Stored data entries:
■ ■ ■

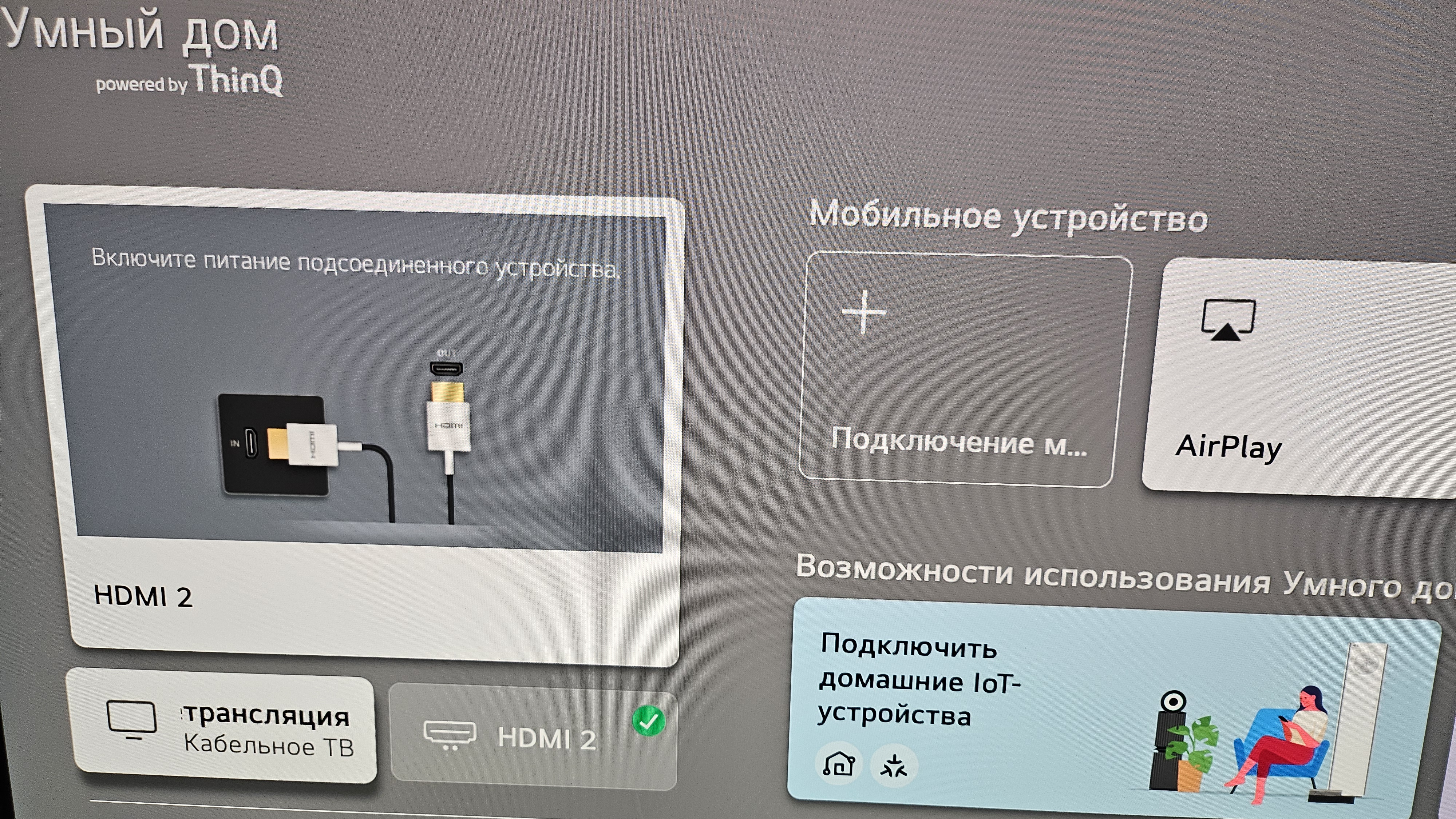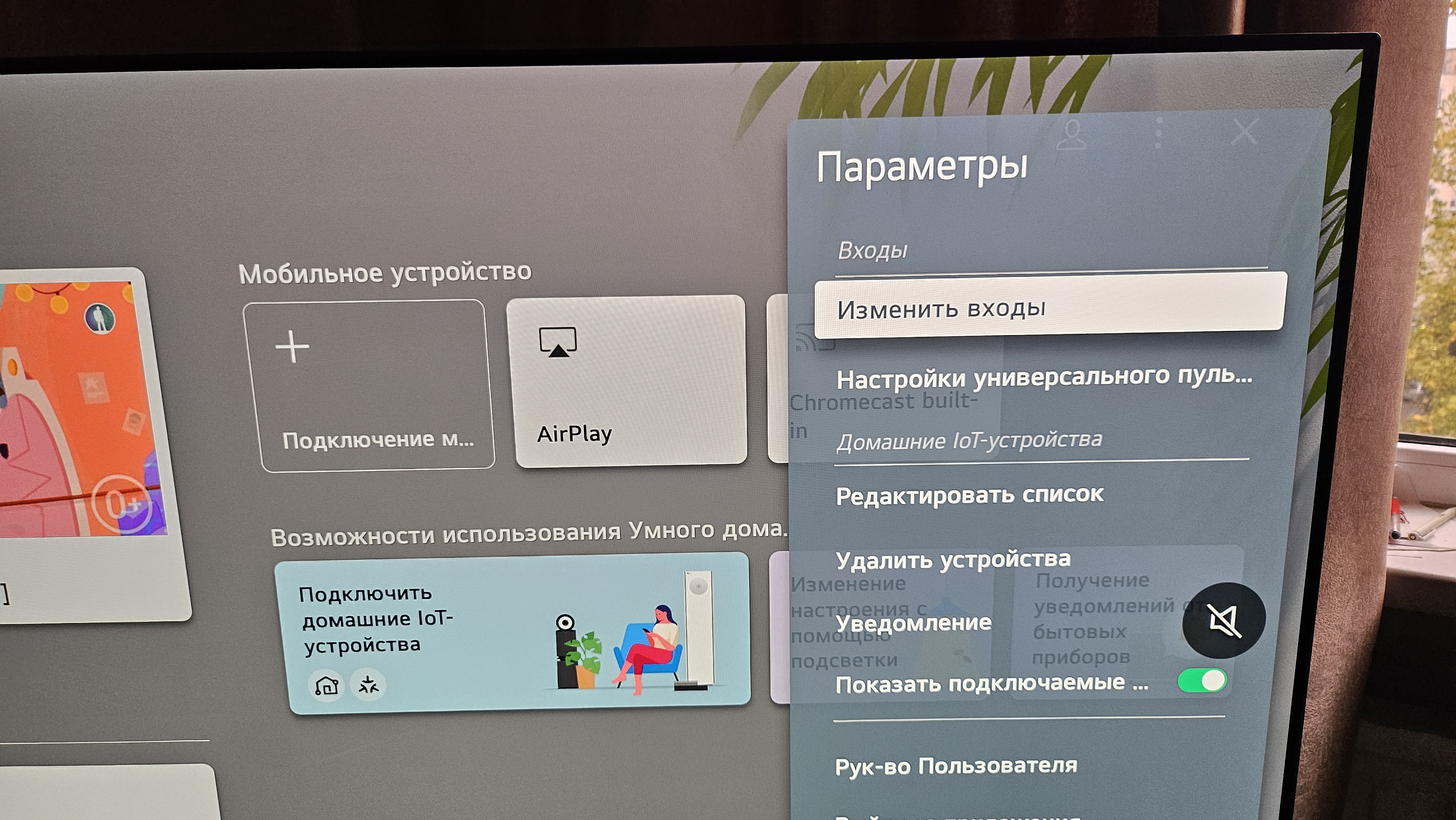 1) Что появляется при нажатии кнопки Входы, кроме списка источников? В этом ряду есть какая-то еще позиция/плашка/пиктограмма/значок, при нажатии на который будет осуществлен переход в Домашний концентратор (на моей старой webOS - это с левого края с наименованием Панель управления домом)? Должны попасть во что-то похожее изображенному на 1-й картинке в
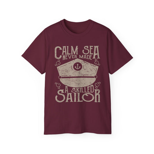 Calm Sea Never Made a Skilled Sailor T-Shirt , Vintage Sailor Tee, Gildan 2000 Art Design T-Shirt, 100 Cotton T-Shirt with Art Design -AD-3
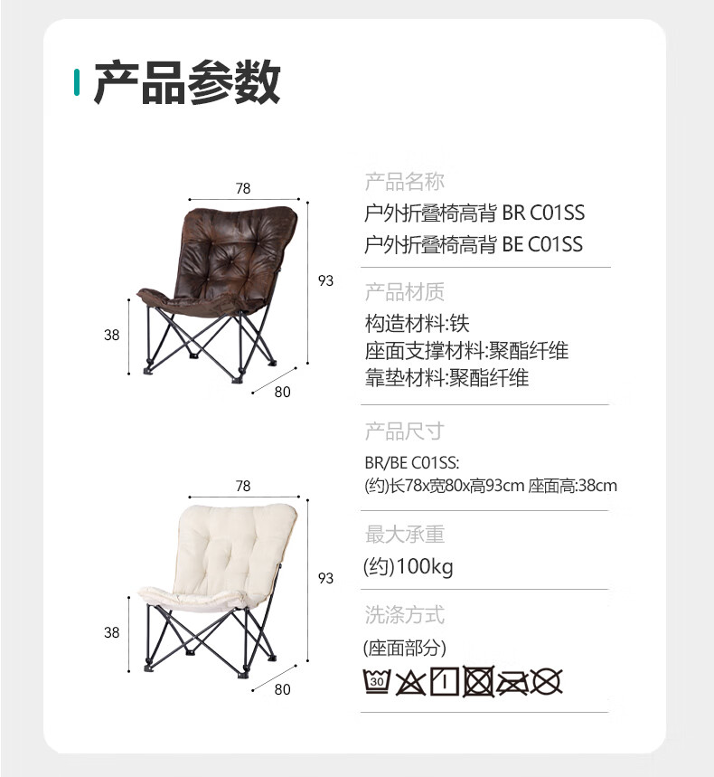 户外午休可折叠椅便携式高背蝴蝶椅/折叠凳 棕色/米色
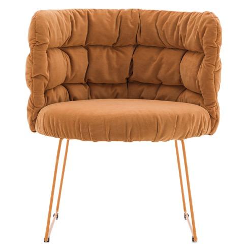 De gestoffeerde Maja stoel laat zich kenmerken door de typische stoffering op de rugleuning. De gesmokte stoffering geeft meteen een hele knusse sfeer. Daarnaast is de Maja stoel verkrijgbaar in drie soorten frame opties.
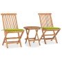 Set comedor de jardín plegable 3 piezas madera de teca cojines
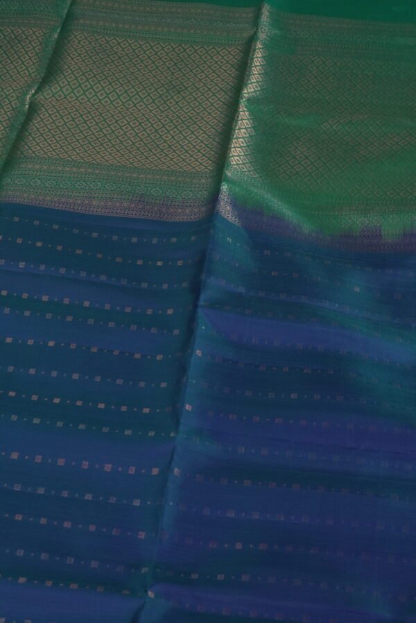 Perfect for spring weddings, daytime events, or festive gatherings, this saree balances soothing elegance with natural energy. The blue base evokes the serenity of a clear sky, while the grass green border and motifs infuse a touch of organic freshness. Style it with silver or pearl jewelry to enhance its cool tones, or opt for floral-inspired accessories to complement its garden-party charm for a cohesive, elegant look.
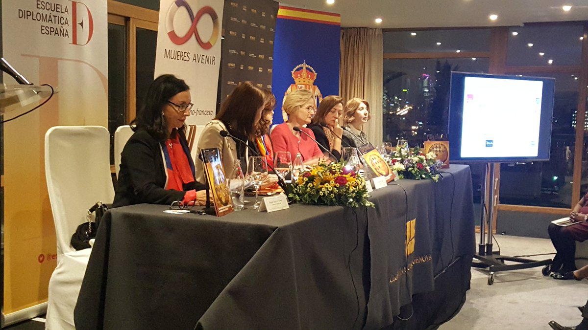 En el evento, que se celebró en el Club Financiero Génova, intervinieron el embajador de Francia, Yves Saint-Geours; María Luisa de Contes, presidenta de Mujeres Avenir; Helena Cosano, subdirectora de la Escuela Diplomática; Eniko Gyori, embajadora de Hungría; Taous Feroukhi, embajadora de Argelia; Doris Osterlof, embajadora de Costa Rica, y Koula Sophianou, embajadora de Chipre.
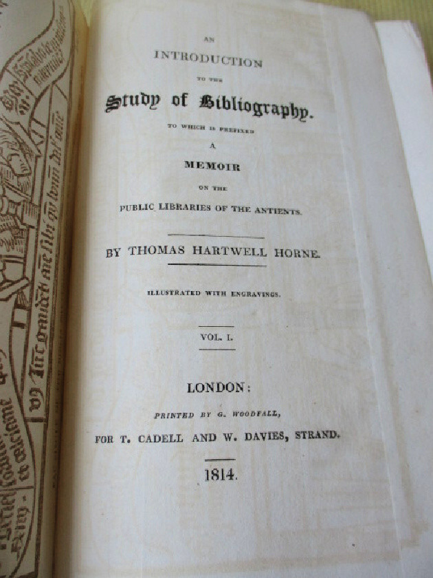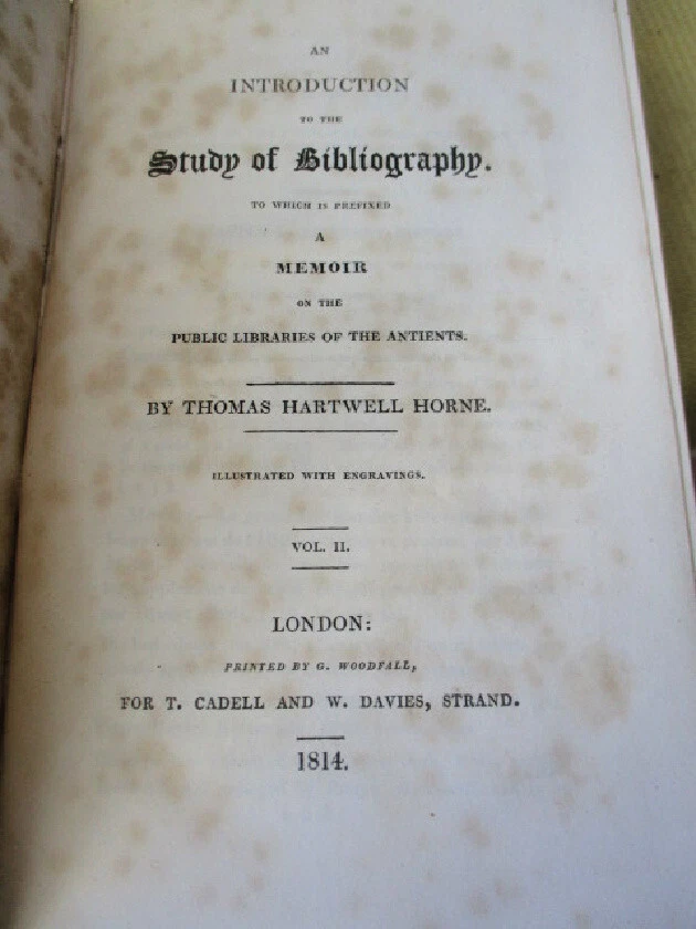 A1326. 2 Volumes by Thomas Hartwell Horne, pub'd. T.Cadell and W.Davies, London, 1814, First Edition. Octavo, dark brown polished leather with gilt outline decor. Both spines repaired with dark brown cloth. Endpapers foxed. Texts are tight and clean. Marbled end and edges. Moderate wear. Vol. 1, 402 pages and several pull-out illustrations. Vol. 2, pages 403 to 788, plus 156-page Appendix. Good thus condition. PLEASE NOTE: These books have rudimentary repairs......not professional, but with enough skill to make them serviceable. Do not hesitate to e-mail with any questions. As Always, Satisfaction Guaranteed! I expect to receive payment within 10 days, unless we have made other arrangements. Shipping will be USPS Media mail or Priority, if requested. I'm glad to combine multiple purchases in order to minimize shipping costs. I WILL SHIP INTERNATIONALLY, and I try to be as economical as possible with the shipping costs. RETURN POLICY: Satisfaction Guaranteed! Track Page Views With Auctiva's FREE Counter

■ ■ ■

* _EXERCISE PROMPT_: Output each line above exactly as it stands, omitting the pictures.

* _YOUR SOLUTION_:
 1) Что появляется при нажатии кнопки Входы, кроме списка источников? В этом ряду есть какая-то еще позиция/плашка/пиктограмма/значок, при нажатии на который будет осуществлен переход в Домашний концентратор (на моей старой webOS - это с левого края с наименованием Панель управления домом)? Должны попасть во что-то похожее изображенному на 1-й картинке в
 Calm Sea Never Made a Skilled Sailor T-Shirt , Vintage Sailor Tee, Gildan 2000 Art Design T-Shirt, 100 Cotton T-Shirt with Art Design -AD-3
 户外午休可折叠椅便携式高背蝴蝶椅/折叠凳 棕色/米色
 De gestoffeerde Maja stoel laat zich kenmerken door de typische stoffering op de rugleuning. De gesmokte stoffering geeft meteen een hele knusse sfeer. Daarnaast is de Maja stoel verkrijgbaar in drie soorten frame opties.
 Set comedor de jardín plegable 3 piezas madera de teca cojines
 Perfect for spring weddings, daytime events, or festive gatherings, this saree balances soothing elegance with natural energy. The blue base evokes the serenity of a clear sky, while the grass green border and motifs infuse a touch of organic freshness. Style it with silver or pearl jewelry to enhance its cool tones, or opt for floral-inspired accessories to complement its garden-party charm for a cohesive, elegant look.
 En el evento, que se celebró en el Club Financiero Génova, intervinieron el embajador de Francia, Yves Saint-Geours; María Luisa de Contes, presidenta de Mujeres Avenir; Helena Cosano, subdirectora de la Escuela Diplomática; Eniko Gyori, embajadora de Hungría; Taous Feroukhi, embajadora de Argelia; Doris Osterlof, embajadora de Costa Rica, y Koula Sophianou, embajadora de Chipre.
 A1326. 2 Volumes by Thomas Hartwell Horne, pub'd. T.Cadell and W.Davies, London, 1814, First Edition. Octavo, dark brown polished leather with gilt outline decor. Both spines repaired with dark brown cloth. Endpapers foxed. Texts are tight and clean. Marbled end and edges. Moderate wear. Vol. 1, 402 pages and several pull-out illustrations. Vol. 2, pages 403 to 788, plus 156-page Appendix. Good thus condition. PLEASE NOTE: These books have rudimentary repairs......not professional, but with enough skill to make them serviceable. Do not hesitate to e-mail with any questions. As Always, Satisfaction Guaranteed! I expect to receive payment within 10 days, unless we have made other arrangements. Shipping will be USPS Media mail or Priority, if requested. I'm glad to combine multiple purchases in order to minimize shipping costs. I WILL SHIP INTERNATIONALLY, and I try to be as economical as possible with the shipping costs. RETURN POLICY: Satisfaction Guaranteed! Track Page Views With Auctiva's FREE Counter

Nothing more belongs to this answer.